X-ISS Helps Provide Major Speed Boost for Water Disinfection Simulations
X-ISS worked closely with simulation software developer ANSYS Inc. to design and build an HPC cluster that completes water treatment simulations in minutes rather than the hours or days once required. X-ISS created the HPC system using seven mid-level Dell servers and InfiniBand networking equipment and then performed extensive fine tuning on the cluster resulting in a 98.9% efficiency rating.
The client is a company specializing in disinfecting water using ultraviolet light technology. They treat water destined for drinking use in municipal systems as well as making waste water safe prior to discharge into the environment. The company has thousands of UV treatment installations around the world. One impressive example is a system they developed to serve a metro area, which cleans more than two billion gallons of water per day. This $1.5 billion system is the largest UV drinking water facility in the world.
Designing and building these water treatment systems requires engineering simulations to verify that all the water flowing through a treatment device is exposed to sufficient UV light to kill bacteria and destroy contaminants. The company uses ANSYS Fluent to simulate its water treatment processes. Simulating these designs on a single workstation can take hours or even a couple of days. Company engineers needed to complete their designs faster in order to keep up with market demand for their systems. The company contracted X-ISS to design and build what became the company’s first HPC cluster.
One of the remarkable achievements for X-ISS was the sheer efficiency of the cluster. Cluster performance is measured in “FLOPS,” or floating point operations per second. In theory, the maximum a cluster can compute is found by multiplying these variables: number of processors, number of cores on each processor, GHz speed of each processor, and number of FLOPS each core can perform per cycle.
For this cluster, the theoretical maximum was 1,200 Giga FLOPS, or 1.2 trillion math calculations per second. Through proper design and tuning, the cluster achieved 1,187 GFLOPS on a Linpack cluster efficiency test. That’s 98.9% efficient. To put that number in a practical perspective, the cluster ran a sample simulation in nine seconds that previously took several minutes on the desktop computers.
“The speed of this cluster is remarkable considering it is only comprised of seven nodes,” said X-ISS President Deepak Khosla. “The cluster performs at the same speed of systems that are much larger and more expensive.”
Most clusters cannot achieve this kind of efficiency due to the sheer volume of data to be transferred in order to “feed” the cluster and gather the results. Imagine if you are a math teacher passing out 1.2 trillion math problems.
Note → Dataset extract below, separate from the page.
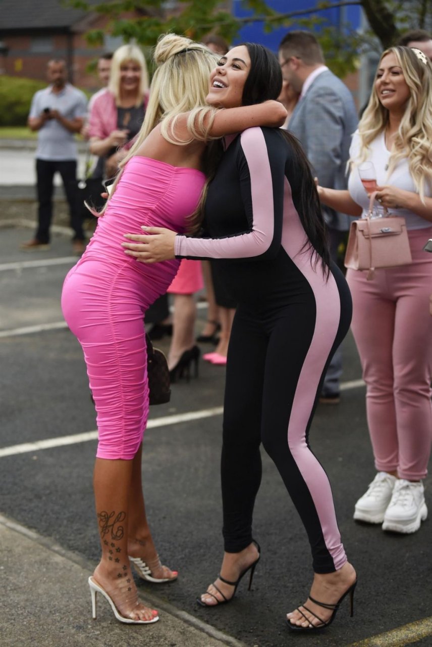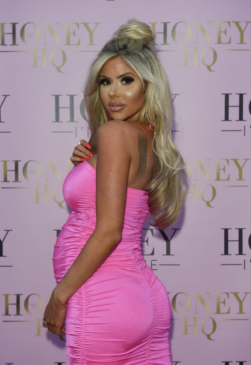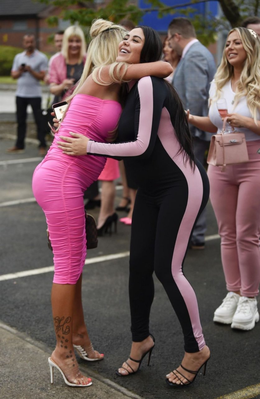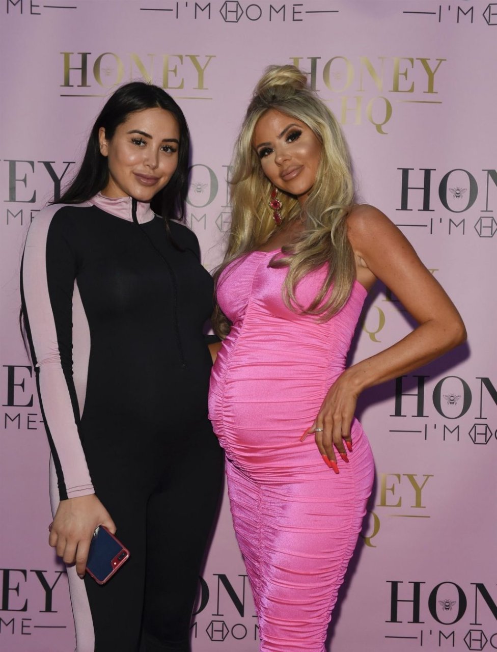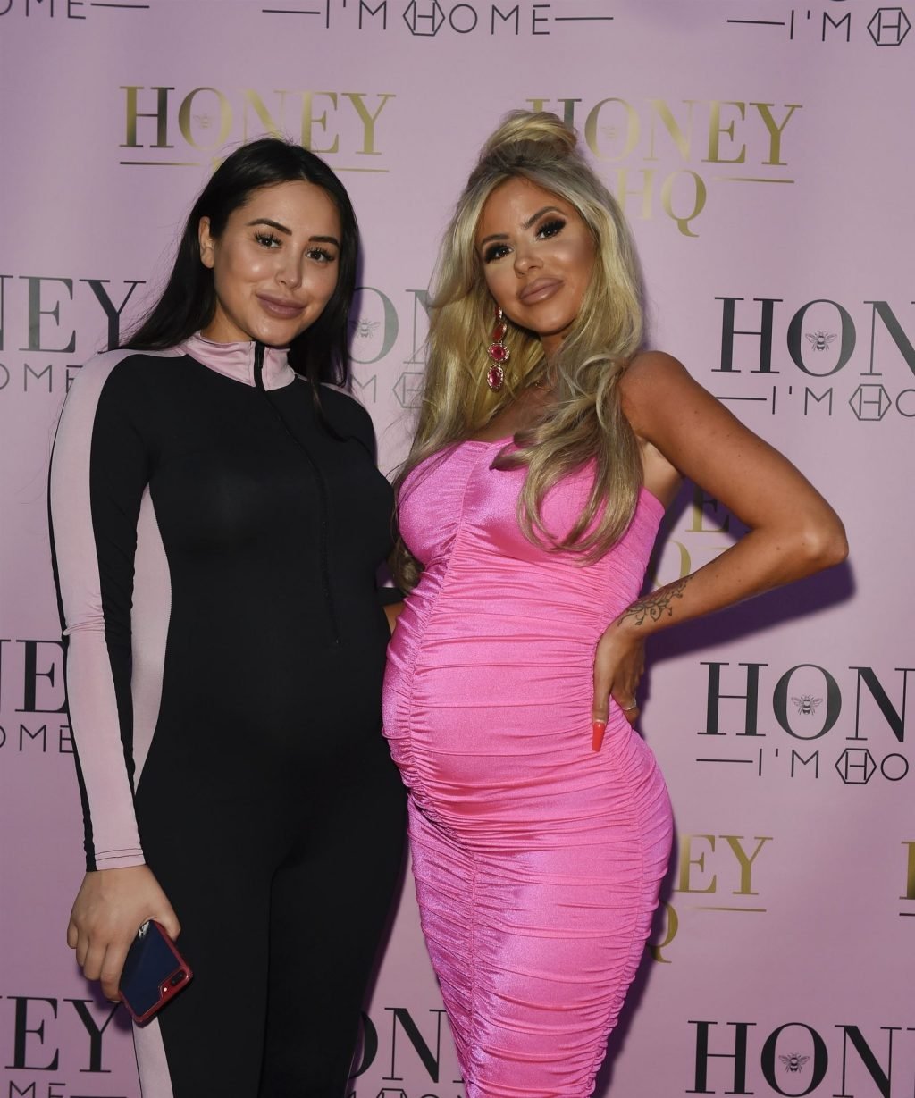 Hannah Elizabeth embarazada fue fotografiada con un vestido rosa ajustado en el lanzamiento de la tienda Honey I’m Home Furniture en Leigh, 08/03/2019.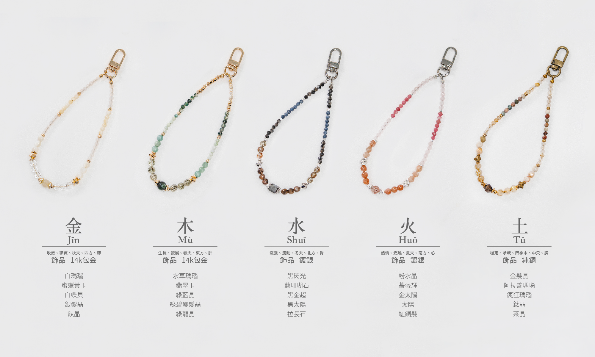 白瑪瑙/蜜蠟黃玉/白蝶貝/銀髮晶/鈦晶

Just the logistics of distribution, tracking and gathering the results would take more time and effort the than the actual computation. The cluster faces the same challenge, needing to distribute the trillions of data and gather the 1.2 trillion results. All in one second!
“Key to achieving this kind of performance was the way we ordered and configured the memory in the nodes and set up the InfiniBand topology,” said Khosla. “We also ran our own custom optimization routines on the cluster to improve the way the nodes talk to each other.”
For the company’s engineers, a more practical way to measure the cluster performance is to ask how long one step or iteration of a simulation takes. The cluster was able to perform iterations for its simulations in 0.087 seconds, or nearly 12 iterations per second. Most simulations require hundreds, even thousands of iterations to “solve” a simulation. But with iteration time reduced to nearly a dozen per second, simulations requiring thousands of iterations require mere minutes to solve, not hours or days.
The company’s engineers are pleased with the cluster performance and expect to use it frequently to speed up their simulations and get their designs out in the hands of the customer much faster.